Italian noble family in the Middle Ages

The Pazzi were a powerful family in the Republic of Florence. Their main trade during the fifteenth century was banking. In the aftermath of the Pazzi conspiracy in 1478, members of the family were banished from Florence and their property was confiscated; the family name and coat-of-arms were permanently suppressed by order of the Signoria.

== History ==

The traditional story is that the family was founded by Pazzo di Ranieri, first man over the walls during the Siege of Jerusalem of 1099, during the First Crusade, who returned to Florence with flints supposedly from the Holy Sepulchre, which were kept at Santi Apostoli and used on Holy Saturday to re-kindle fire in the city. The historical basis of this legend has been in question since the work of Luigi Passerini Orsini de' Rilli in the mid-nineteenth century.

The first apparently historical figure in the family is the Jacopo de' Pazzi il Vecchio who was a captain of the Florentine (Guelph) cavalry at the battle of Montaperti on 4 September 1260, and whose hand was treacherously severed by Bocca degli Abati, causing the standard to fall. His son Pazzino di Jacopo de' Pazzi was a Black Guelph and a follower of Charles de Valois.

Andrea di Guglielmo de' Pazzi (1372–1445) was a banker and merchant. In 1429 he commissioned construction of the Pazzi Chapel in the Franciscan church of Santa Croce in Florence. His son Jacopo de' Pazzi became head of the family in 1464.
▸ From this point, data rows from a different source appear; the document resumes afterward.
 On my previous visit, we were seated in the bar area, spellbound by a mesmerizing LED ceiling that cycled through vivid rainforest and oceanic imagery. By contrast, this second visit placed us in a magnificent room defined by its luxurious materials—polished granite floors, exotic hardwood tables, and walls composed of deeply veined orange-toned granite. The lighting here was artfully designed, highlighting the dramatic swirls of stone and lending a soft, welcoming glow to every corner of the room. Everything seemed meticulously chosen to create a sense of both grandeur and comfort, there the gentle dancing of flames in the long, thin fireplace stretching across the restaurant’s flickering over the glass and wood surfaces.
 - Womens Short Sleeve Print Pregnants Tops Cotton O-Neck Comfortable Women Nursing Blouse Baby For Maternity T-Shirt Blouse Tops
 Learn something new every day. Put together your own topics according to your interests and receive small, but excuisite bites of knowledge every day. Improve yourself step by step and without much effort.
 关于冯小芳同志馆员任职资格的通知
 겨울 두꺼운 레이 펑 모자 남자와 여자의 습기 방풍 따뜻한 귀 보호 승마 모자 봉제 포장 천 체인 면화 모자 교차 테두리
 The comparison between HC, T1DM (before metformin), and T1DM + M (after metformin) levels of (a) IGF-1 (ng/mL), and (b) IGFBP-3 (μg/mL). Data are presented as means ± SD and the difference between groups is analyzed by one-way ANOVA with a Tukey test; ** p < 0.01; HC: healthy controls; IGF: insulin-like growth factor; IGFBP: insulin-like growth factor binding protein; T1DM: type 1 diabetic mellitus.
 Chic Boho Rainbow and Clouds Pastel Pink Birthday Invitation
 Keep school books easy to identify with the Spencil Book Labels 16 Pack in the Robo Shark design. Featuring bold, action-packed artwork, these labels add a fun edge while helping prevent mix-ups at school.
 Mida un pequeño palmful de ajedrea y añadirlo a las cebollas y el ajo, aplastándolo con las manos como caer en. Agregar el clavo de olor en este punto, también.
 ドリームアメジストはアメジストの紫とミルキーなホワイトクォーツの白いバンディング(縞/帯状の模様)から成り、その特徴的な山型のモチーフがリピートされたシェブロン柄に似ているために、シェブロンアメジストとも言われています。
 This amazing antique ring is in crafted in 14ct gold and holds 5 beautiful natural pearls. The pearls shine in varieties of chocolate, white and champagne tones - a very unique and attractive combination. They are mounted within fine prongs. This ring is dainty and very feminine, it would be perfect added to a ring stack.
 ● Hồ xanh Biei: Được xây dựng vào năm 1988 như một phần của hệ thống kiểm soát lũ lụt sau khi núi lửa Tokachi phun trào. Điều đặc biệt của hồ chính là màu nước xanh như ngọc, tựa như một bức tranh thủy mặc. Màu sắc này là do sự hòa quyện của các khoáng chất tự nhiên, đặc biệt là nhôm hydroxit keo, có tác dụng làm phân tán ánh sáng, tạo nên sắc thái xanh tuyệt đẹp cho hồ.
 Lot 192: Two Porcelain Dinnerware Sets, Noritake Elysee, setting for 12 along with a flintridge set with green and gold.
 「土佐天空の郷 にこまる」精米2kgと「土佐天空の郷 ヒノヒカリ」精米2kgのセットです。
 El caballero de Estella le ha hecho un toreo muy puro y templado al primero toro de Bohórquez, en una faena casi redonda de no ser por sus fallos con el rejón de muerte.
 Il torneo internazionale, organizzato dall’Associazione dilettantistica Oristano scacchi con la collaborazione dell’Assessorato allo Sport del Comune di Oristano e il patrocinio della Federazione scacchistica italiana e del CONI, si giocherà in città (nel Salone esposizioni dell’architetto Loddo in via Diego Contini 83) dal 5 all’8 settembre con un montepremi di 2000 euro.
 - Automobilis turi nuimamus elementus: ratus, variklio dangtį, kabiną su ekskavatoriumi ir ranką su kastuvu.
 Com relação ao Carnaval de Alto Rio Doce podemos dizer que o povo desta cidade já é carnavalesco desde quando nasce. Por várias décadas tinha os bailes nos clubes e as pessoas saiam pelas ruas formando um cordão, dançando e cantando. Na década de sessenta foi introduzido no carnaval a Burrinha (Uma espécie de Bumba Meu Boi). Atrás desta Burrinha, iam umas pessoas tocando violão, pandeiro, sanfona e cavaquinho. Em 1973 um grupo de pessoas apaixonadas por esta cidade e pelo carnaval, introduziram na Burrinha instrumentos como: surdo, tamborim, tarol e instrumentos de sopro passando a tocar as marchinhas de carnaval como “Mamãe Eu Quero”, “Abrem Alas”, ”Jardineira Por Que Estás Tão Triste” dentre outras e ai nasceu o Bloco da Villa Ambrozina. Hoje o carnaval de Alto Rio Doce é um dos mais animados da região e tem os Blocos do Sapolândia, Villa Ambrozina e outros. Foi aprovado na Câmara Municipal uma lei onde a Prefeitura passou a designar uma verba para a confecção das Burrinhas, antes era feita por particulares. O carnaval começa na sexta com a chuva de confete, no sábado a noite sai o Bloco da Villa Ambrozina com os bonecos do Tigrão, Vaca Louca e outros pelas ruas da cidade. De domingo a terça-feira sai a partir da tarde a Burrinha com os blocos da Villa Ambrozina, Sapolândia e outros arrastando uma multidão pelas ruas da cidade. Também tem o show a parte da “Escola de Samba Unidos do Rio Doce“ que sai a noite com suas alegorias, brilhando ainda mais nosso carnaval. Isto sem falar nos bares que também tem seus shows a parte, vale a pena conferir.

Guglielmo di Antonio de' Pazzi married Bianca de' Medici, sister of Lorenzo de' Medici, in 1460; Cosimo de' Pazzi, the sixth of their sixteen children, became archbishop of Florence in 1508.

Francesco de' Pazzi was one of the instigators of the Pazzi conspiracy in 1477–78. He, Jacopo de' Pazzi and Jacopo's brother Renato de' Pazzi were executed after the plot failed.

Raffaele de' Pazzi was a condottiere; he died at the Battle of Ravenna in 1512.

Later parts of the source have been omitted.